通过分类/回归从连续数据流学习在许多域中是普遍的。在保护数据所有者的私人信息的同时适应不断发展的数据特征（概念漂移）是一个开放的挑战。我们在两个区别的功能上向这个问题提供了一个差别的私有集合解决方案：它允许\ textit {unbounded} leeleble更新，以处理固定隐私预算下的可能永远不会结束的数据流，它是\ textit {modelagnostic}，因为它将任何预先训练的差异私有分类/回归模型作为黑盒。我们的方法优于现实世界和模拟数据集的竞争对手，以不同的隐私设置，概念漂移和数据分布。

The ''Propose-Test-Release'' (PTR) framework is a classic recipe for designing differentially private (DP) algorithms that are data-adaptive, i.e. those that add less noise when the input dataset is nice. We extend PTR to a more general setting by privately testing data-dependent privacy losses rather than local sensitivity, hence making it applicable beyond the standard noise-adding mechanisms, e.g. to queries with unbounded or undefined sensitivity. We demonstrate the versatility of generalized PTR using private linear regression as a case study. Additionally, we apply our algorithm to solve an open problem from ''Private Aggregation of Teacher Ensembles (PATE)'' -- privately releasing the entire model with a delicate data-dependent analysis.

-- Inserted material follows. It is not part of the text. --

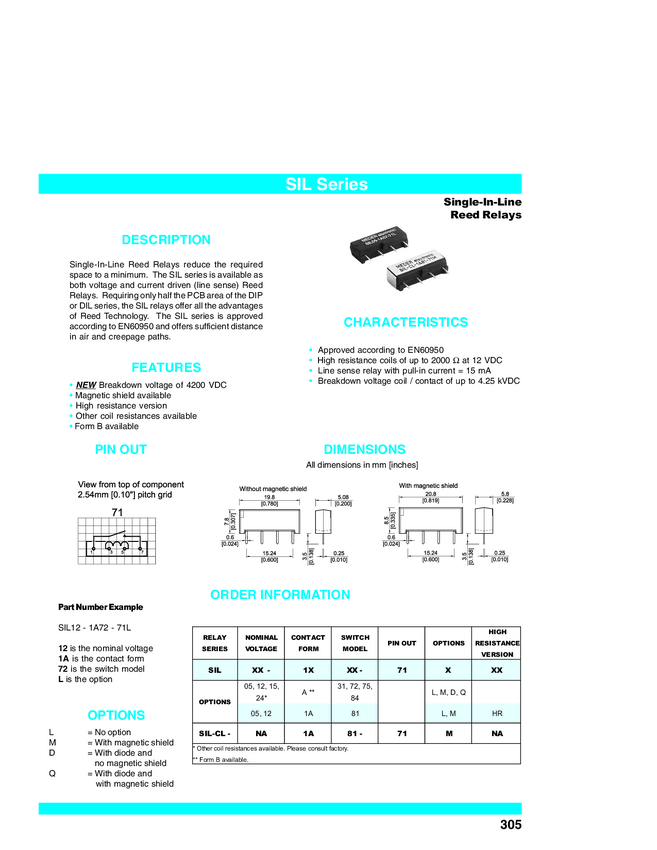 Przekaźnik MEDER SIL; b/diody; SPST-NO; SIA_; obudowa SIL07 SPST 5V 500R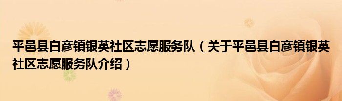 關于平邑縣白彥鎮銀英社區志愿服務隊到此分享完畢,希望能幫助到您。

深度神经网络（DNNS）铰接对大型数据集的可用性的最新成功;但是，对此类数据集的培训经常为敏感培训信息构成隐私风险。在本文中，我们的目标是探讨生成模型和梯度稀疏性的力量，并提出了一种可扩展的隐私保留生成模型数据标准。与标准展示隐私保留框架相比，允许教师对一维预测进行投票，在高维梯度向量上投票在隐私保存方面具有挑战性。随着需要尺寸减少技术，我们需要在（1）之间的改进之间导航精致的权衡空间，并进行SGD收敛的放缓。为了解决这一点，我们利用通信高效学习，并通过将顶-K压缩与相应的噪声注入机构相结合，提出一种新的噪声压缩和聚集方法TopAGG。理论上，我们证明了DataLens框架保证了其生成数据的差异隐私，并提供了其收敛性的分析。为了展示DataLens的实际使用情况，我们对不同数据集进行广泛的实验，包括Mnist，Fashion-Mnist和高维Celeba，并且我们表明，DataLens显着优于其他基线DP生成模型。此外，我们改进了所提出的Topagg方法，该方法是DP SGD培训的主要构建块之一，并表明它能够在大多数情况下实现比最先进的DP SGD方法更高的效用案件。我们的代码在HTTPS://github.com/ai-secure/datalens公开提供。

差异隐私通常使用比理论更大的隐私参数应用于理想的理想。已经提出了宽大隐私参数的各种非正式理由。在这项工作中，我们考虑了部分差异隐私（DP），该隐私允许以每个属性为基础量化隐私保证。在此框架中，我们研究了几个基本数据分析和学习任务，并设计了其每个属性隐私参数的算法，其较小的人（即所有属性）的最佳隐私参数比最佳的隐私参数。

Machine learning techniques based on neural networks are achieving remarkable results in a wide variety of domains. Often, the training of models requires large, representative datasets, which may be crowdsourced and contain sensitive information. The models should not expose private information in these datasets. Addressing this goal, we develop new algorithmic techniques for learning and a refined analysis of privacy costs within the framework of differential privacy. Our implementation and experiments demonstrate that we can train deep neural networks with non-convex objectives, under a modest privacy budget, and at a manageable cost in software complexity, training efficiency, and model quality. * Google.† OpenAI. Work done while at Google.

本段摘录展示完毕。